**Task brief:** Copy out the data word for word, without any of its pictures.

**Exercise data:**

------------------------------------------------------------------------

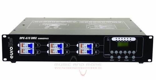 20: Eurolite DPX-610 DMX 19 Zoll Dimmerpack: Features:Universale Lichtendstufe für professionellen Einsatz Kann sowohl einphasig als auch dreiphasig betrieben werden 6 x 10 A Sowohl DMX-Steuerung als auch analoge Steuerung möglich Die DMX-Startadresse läss
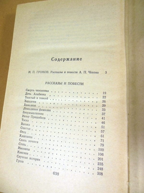 В сборник включены известные произведения А. П. Чехова разных периодов его творчества: Хирургия, Хамелеон, Унтер Пришибеев, Каштанка, Степь, Скучная история, Человек в футляре, О любви, Дама с собачкой и др.
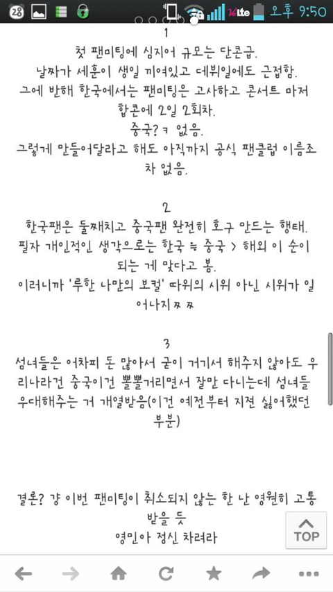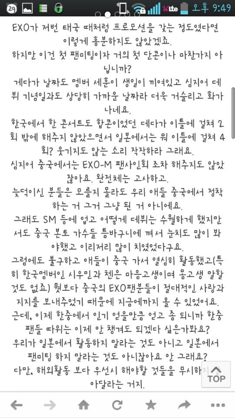 아니 정말 팬미팅을 하지말라는게 아니잖아요 지금 하는데 한국 중국이 우선아닌가요??

------------------------------------------------------------------------

**Worked solution:**
 20: Eurolite DPX-610 DMX 19 Zoll Dimmerpack: Features:Universale Lichtendstufe für professionellen Einsatz Kann sowohl einphasig als auch dreiphasig betrieben werden 6 x 10 A Sowohl DMX-Steuerung als auch analoge Steuerung möglich Die DMX-Startadresse läss
 В сборник включены известные произведения А. П. Чехова разных периодов его творчества: Хирургия, Хамелеон, Унтер Пришибеев, Каштанка, Степь, Скучная история, Человек в футляре, О любви, Дама с собачкой и др.
 아니 정말 팬미팅을 하지말라는게 아니잖아요 지금 하는데 한국 중국이 우선아닌가요??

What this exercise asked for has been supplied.